Hindustan Times | By
Mar 07, 2013 09:49 PM IST

It isn’t the best time for aviation, but the Tatas’ venture with AirAsia gives cause for optimism.

Policy is on the right course when it gets the Tatas interested in Indian aviation again. JRD Tata started Tata Airlines to deliver government mail in 1932. His hugely successful airline was among the first businesses taken over by the government of a newly independent nation. An Air India on continuous life support is a study in contrast to JRD’s maharaja — the stuff of corporate folklore. Over the past two decades the Indian skies have been opened to private airlines but JRD’s successor Ratan Tata stayed away as regulations and taxes made flying a perilous occupation in India. Of the two generations of private airlines that took wing, only a handful are still flying, the latest and most spectacular addition to the scrap heap being liquor baron Vijay Mallya’s Kingfisher Airlines. By the time the government came around to working on a key industry demand — access to capital — time had run out for Mr Mallya. Now eager to draw foreign investment into a beleaguered industry, the government has not allowed technicalities to come in the way of a clearance for AirAsia, a Malaysian low-cost carrier, to set up an airline with the Tata group. The FDI policy announced last September allows foreign airlines to buy stakes in local ones; it was mum on start-ups till the Foreign Investment Promotion Board decided on the first proposal in aviation since the latest rules kicked in.

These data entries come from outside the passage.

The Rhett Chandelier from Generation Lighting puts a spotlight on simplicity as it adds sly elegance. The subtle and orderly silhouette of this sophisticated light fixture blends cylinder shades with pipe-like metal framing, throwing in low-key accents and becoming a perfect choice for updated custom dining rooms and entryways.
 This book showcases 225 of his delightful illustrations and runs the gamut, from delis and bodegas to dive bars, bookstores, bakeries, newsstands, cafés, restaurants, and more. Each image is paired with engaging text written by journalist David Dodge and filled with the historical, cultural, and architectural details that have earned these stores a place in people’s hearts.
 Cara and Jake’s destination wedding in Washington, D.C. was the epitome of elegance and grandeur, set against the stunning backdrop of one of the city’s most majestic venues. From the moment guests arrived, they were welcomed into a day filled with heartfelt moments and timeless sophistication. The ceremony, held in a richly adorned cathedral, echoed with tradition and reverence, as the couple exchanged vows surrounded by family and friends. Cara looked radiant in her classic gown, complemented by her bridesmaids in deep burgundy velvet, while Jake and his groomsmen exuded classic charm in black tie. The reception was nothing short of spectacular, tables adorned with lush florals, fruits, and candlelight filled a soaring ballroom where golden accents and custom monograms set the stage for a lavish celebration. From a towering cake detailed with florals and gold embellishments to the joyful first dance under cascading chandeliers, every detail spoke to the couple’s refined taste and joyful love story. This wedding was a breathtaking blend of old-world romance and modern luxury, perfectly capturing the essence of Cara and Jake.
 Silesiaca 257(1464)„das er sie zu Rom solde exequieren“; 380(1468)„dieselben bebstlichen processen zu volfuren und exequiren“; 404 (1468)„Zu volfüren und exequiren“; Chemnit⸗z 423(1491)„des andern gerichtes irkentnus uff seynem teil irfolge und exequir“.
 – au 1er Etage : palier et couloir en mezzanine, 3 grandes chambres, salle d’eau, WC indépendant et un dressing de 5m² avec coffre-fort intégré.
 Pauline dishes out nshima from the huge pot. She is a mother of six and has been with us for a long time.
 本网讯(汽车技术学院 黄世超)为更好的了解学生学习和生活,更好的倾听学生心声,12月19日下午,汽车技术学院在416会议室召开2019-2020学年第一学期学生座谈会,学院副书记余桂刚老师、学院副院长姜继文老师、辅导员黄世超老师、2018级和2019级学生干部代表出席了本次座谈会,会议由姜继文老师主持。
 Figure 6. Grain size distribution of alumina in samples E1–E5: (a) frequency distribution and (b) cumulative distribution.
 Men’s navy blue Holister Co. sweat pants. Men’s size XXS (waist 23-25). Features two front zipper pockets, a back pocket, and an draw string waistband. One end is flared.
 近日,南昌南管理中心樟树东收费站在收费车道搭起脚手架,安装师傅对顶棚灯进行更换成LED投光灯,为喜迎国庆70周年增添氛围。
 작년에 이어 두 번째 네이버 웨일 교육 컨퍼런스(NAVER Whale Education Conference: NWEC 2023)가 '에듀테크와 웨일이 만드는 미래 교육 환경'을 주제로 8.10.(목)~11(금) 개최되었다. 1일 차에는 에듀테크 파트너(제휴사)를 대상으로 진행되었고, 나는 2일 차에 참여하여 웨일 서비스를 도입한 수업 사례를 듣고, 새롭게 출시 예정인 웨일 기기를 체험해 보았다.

Then, as now, the Tatas are entering the industry gingerly. The group’s stake in the proposed airline is 30% and AirAsia’s presence in the country is restricted to a clutch of coastal airports to ferry budget-conscious Indians to holiday destinations in southeast Asia. The new carrier’s India plans are yet to emerge but they will most likely be a play on flying cheap. Naresh Goyal’s Jet Airways, Kingfisher and Air India had among them cooked up a glut of full-service airline seats and something had to give. In the event, it was Kingfisher which promised a rich flying experience. On the other hand, new kids on the block like Indigo have steered themselves out of turbulence by being frugal from the onset.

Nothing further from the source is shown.